Thought she kept hers in the car.


----------



## DB74 (2 Dec 2009)

Golf club for me

Don't know why though - I'd be more likely to miss cos my golf game is rubbish, except on the Wii and I don't think a Wii remote would scare any intruders!


----------



## michaelm (2 Dec 2009)

I've a hurley and a hammer under my bed.  I would hope that my perimeter alarm would go off should anyone try to  break in, and that they would then make themselves scarce.  I also lock my downstairs internal doors at night so as anyone who did gain access would also have to make noise and break a door to gain access to the stairs.


----------



## ney001 (2 Dec 2009)

My dad always kept a baseball bat beside the bed

D'udder half keeps a big shhtick under the bed now - plus we have a big dog outside bedroom door 

Hopefully we'll never have to use it!


----------



## truthseeker (2 Dec 2009)

What are the intentions for these weapons? Self defense only?

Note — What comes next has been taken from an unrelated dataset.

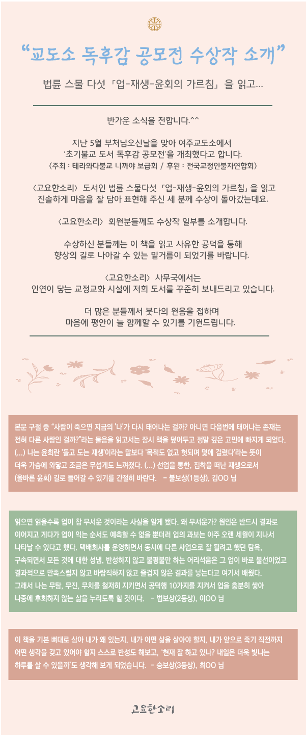 ['업-재생-윤회의 가르침'을 읽고] -교도소 독후감 공모전 수상작 소개 관리자 2024-08-05 조회수 : 1634 첨부파일: 교도소 독후감 수상작(최종).png 1. 교도소 독후감 공모전 수상작 [불보상] 읽어보기 >> [클릭] 2. 교도소 독후감 공모전 수상작 [법보상] 읽어보기 >> [클릭] 3. 교도소 독후감 공모전 수상작 [승보상] 읽어보기 >> [클릭]

Or would people be planning on chasing intruders out up the road and beating them for the intrusion?


----------



## ney001 (2 Dec 2009)

Both I would say - thankfully never had an intruder but I do remember years ago when I lived at home, my dad and brother would go running up the road after yobs trying to break into the cars.  Hasn't happened for a long time though - although recession might change that!.


----------



## Caveat (2 Dec 2009)

Depends on the individual/circumstances I suppose.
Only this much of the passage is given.